Jakarta – Harga batu bara acuan di Asia melesat ke level tertinggi dalam hampir dua tahun terakhir. Lonjakan ini dipicu oleh gangguan pasokan akibat kebijakan ekspor baru dari Indonesia yang memicu keterlambatan pengiriman, di tengah lonjakan permintaan menjelang musim panas di kawasan Asia Timur Laut.
Sebagai eksportir batu bara terbesar di dunia, Indonesia bulan lalu menerapkan kebijakan baru untuk memperketat kendali atas pengiriman sejumlah komoditas utama. Sistem yang mulai diberlakukan pada Juni tersebut sempat memicu kebingungan di kalangan pelaku industri dan menyebabkan penundaan pada sejumlah pengiriman batu bara.
Kondisi ini membuat pasar memproyeksikan bahwa batu bara asal Australia akan memainkan peran yang lebih besar untuk menambal kekurangan pasokan yang terjadi saat ini.
Di sisi lain, permintaan batu bara diprediksi akan terus meningkat dalam beberapa bulan ke depan seiring dengan datangnya cuaca panas di Asia Timur Laut.
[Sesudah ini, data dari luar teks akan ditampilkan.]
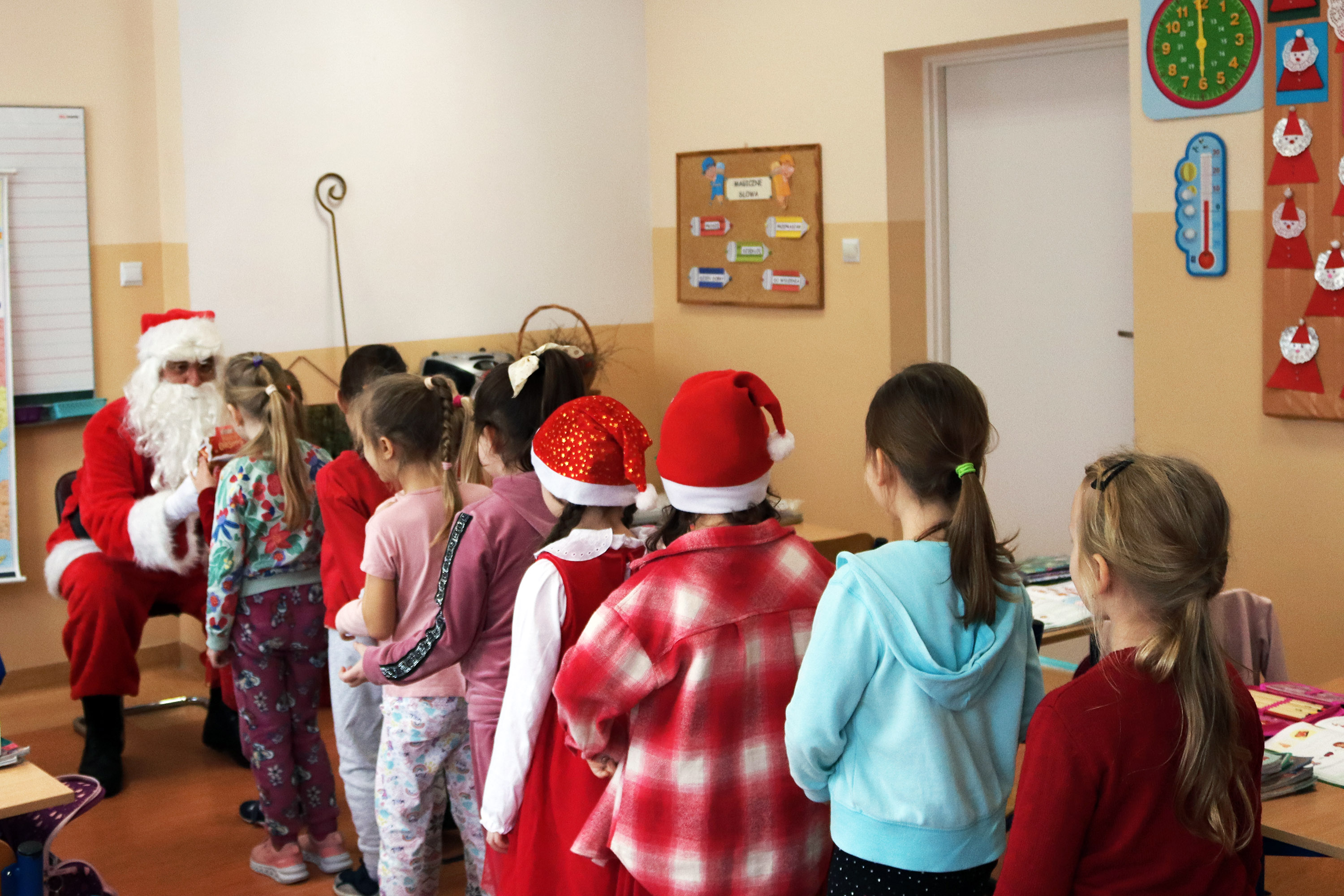 Wizyta Mikołaja wywoływała sporo radości i uśmiechów na twarzach. Dzieci chętnie śpiewały piosenki, recytowały wierszyki i korzystały z możliwości przytulenia się do brodatego gościa.
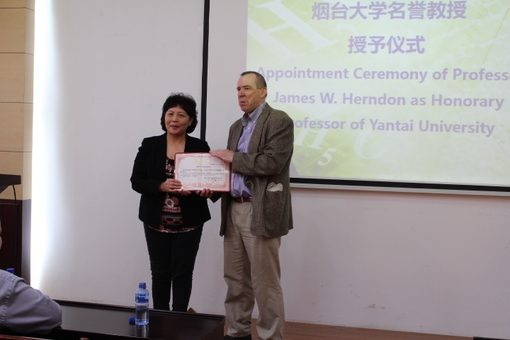 外事处长张西俊主持,化院院长任万忠向出席人员介绍了来自美国新墨西哥州立大学的Herndon教授简历及学术成就,韩晓玲副校长为Herndon教授颁发聘任证书。
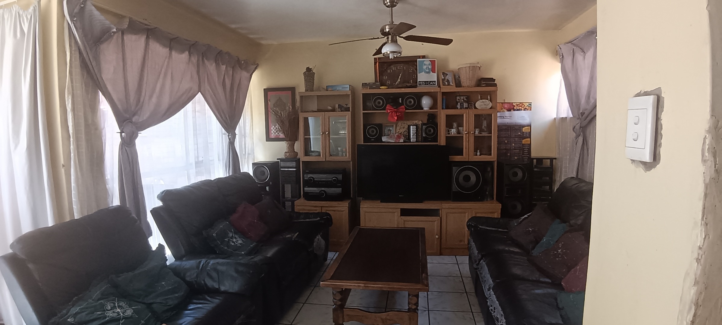 Step inside to a welcoming entryway, featuring practical tiled flooring and ample natural light, leading seamlessly into the main living areas. The home offers a distinct lounge and a separate dining room, creating versatile spaces for both daily living and entertaining guests. Large windows throughout ensure a bright and airy ambiance, with a functional ceiling fan in the living room providing comfort. The kitchen, equipped with a modern stainless steel fridge and a tiled backsplash, provides existing cabinetry and countertop space, ready for a contemporary upgrade to unlock its full potential as the heart of the home. An internal staircase indicates a multi-level layout, adding to the property's spacious feel.
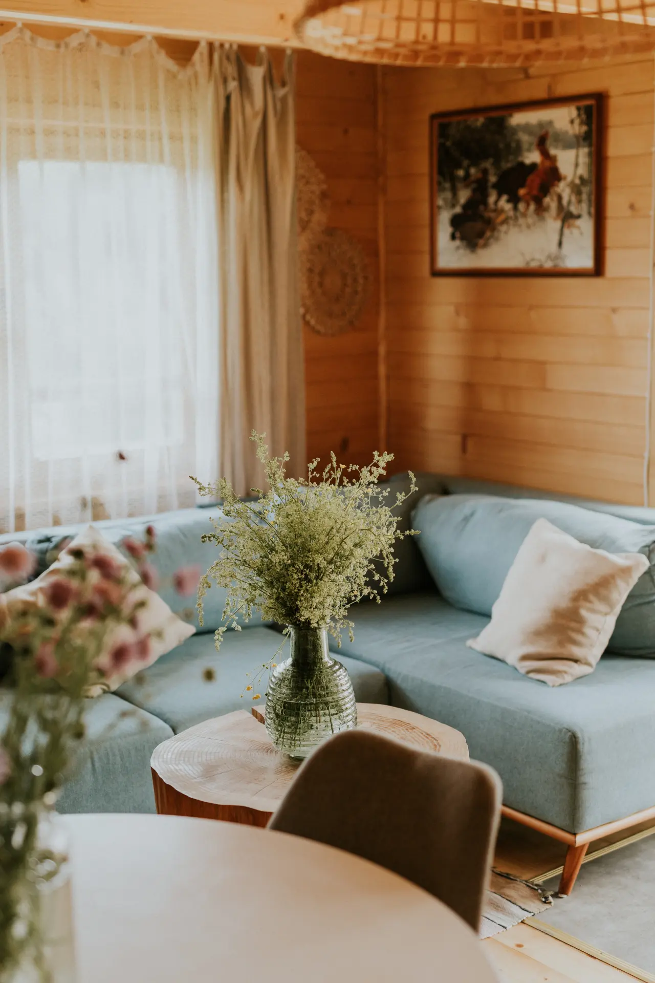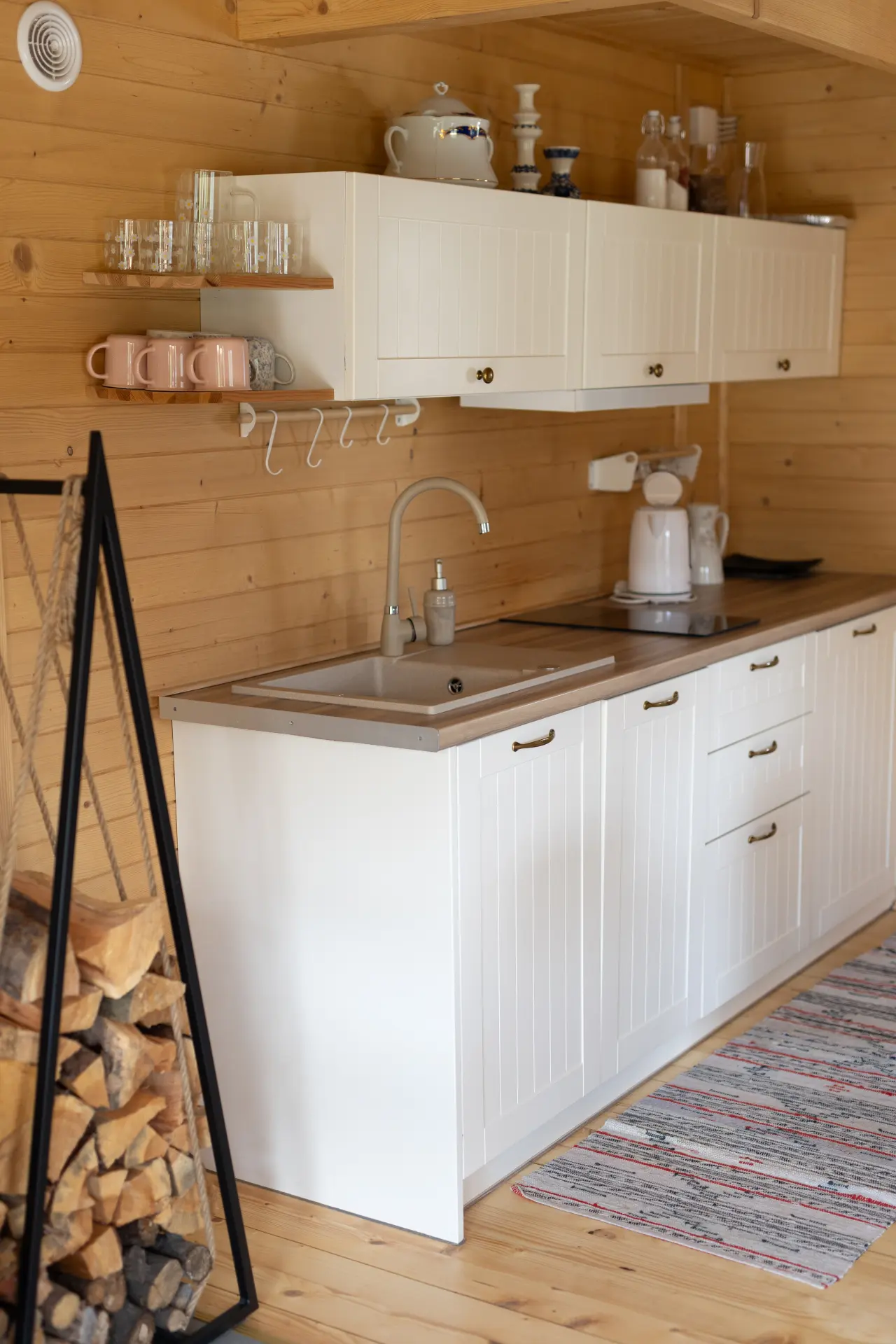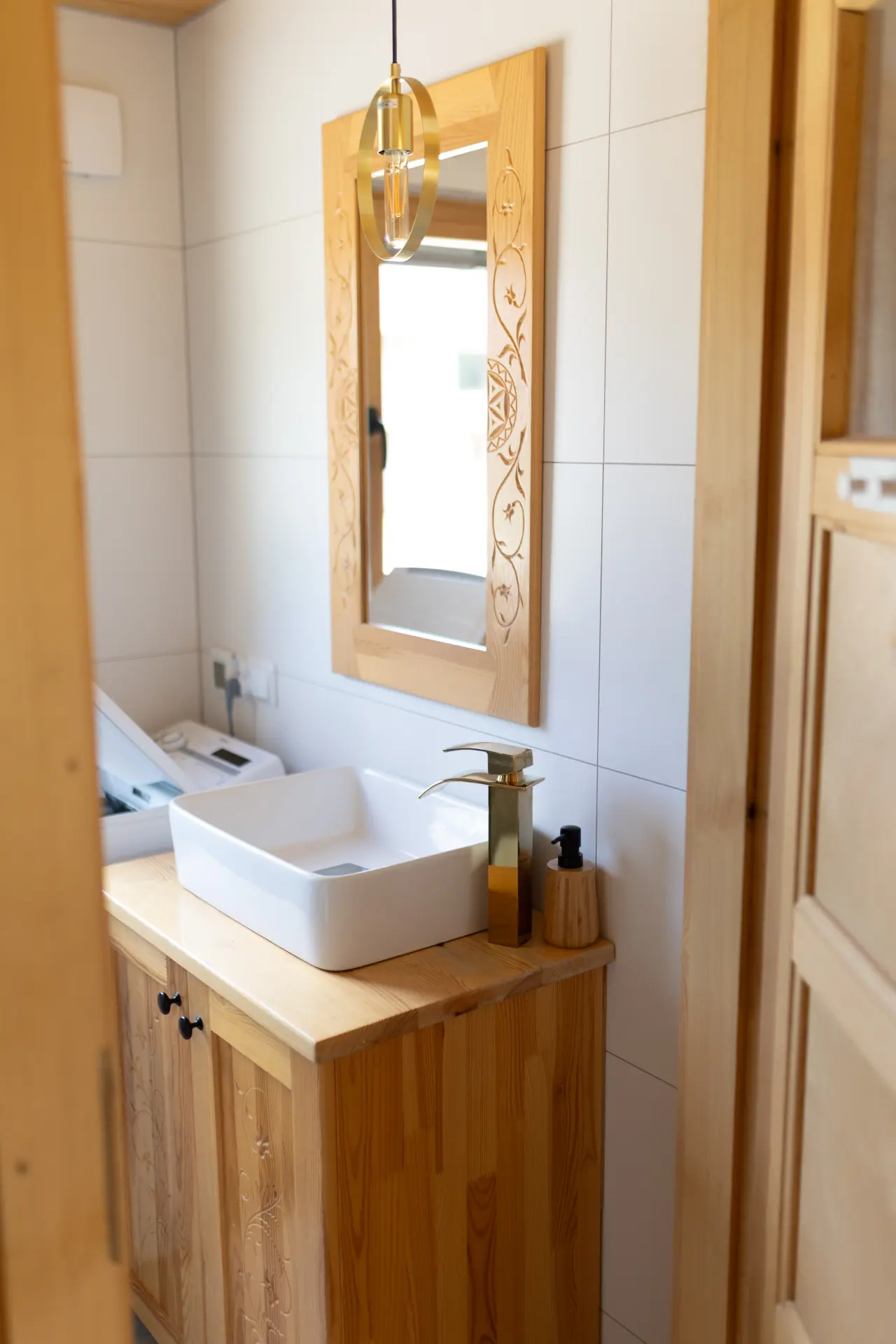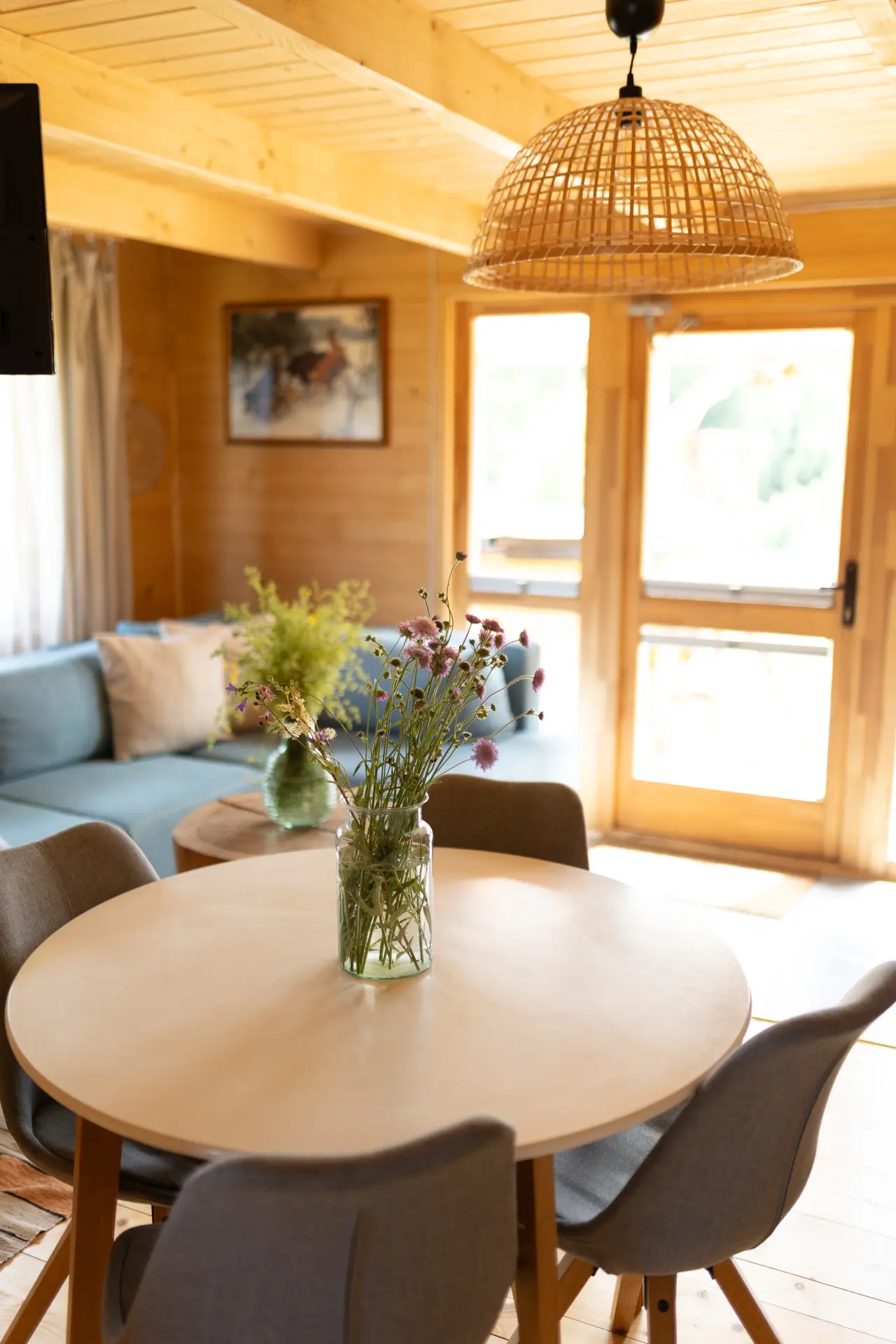 Domek oferuje również przestronny taras z malowniczym widokiem na okolicę – doskonały na poranną kawę, wieczorny odpoczynek czy podziwianie gwiazd. To miejsce, w którym można w pełni odprężyć się i poczuć bliskość natury.

Peningkatan suhu udara memicu penggunaan pendingin ruangan yang lebih intensif, terutama di negara konsumen besar seperti China, sehingga kebutuhan bahan bakar untuk pembangkit listrik ikut terkerek naik.
Kombinasi antara terbatasnya pasokan dan proyeksi permintaan yang menguat membuat harga batu bara di pasar Asia terus berada dalam tekanan kenaikan. Kini, pelaku pasar tengah mencermati dampak lanjutan dari kebijakan ekspor Indonesia terhadap dinamika arus perdagangan global.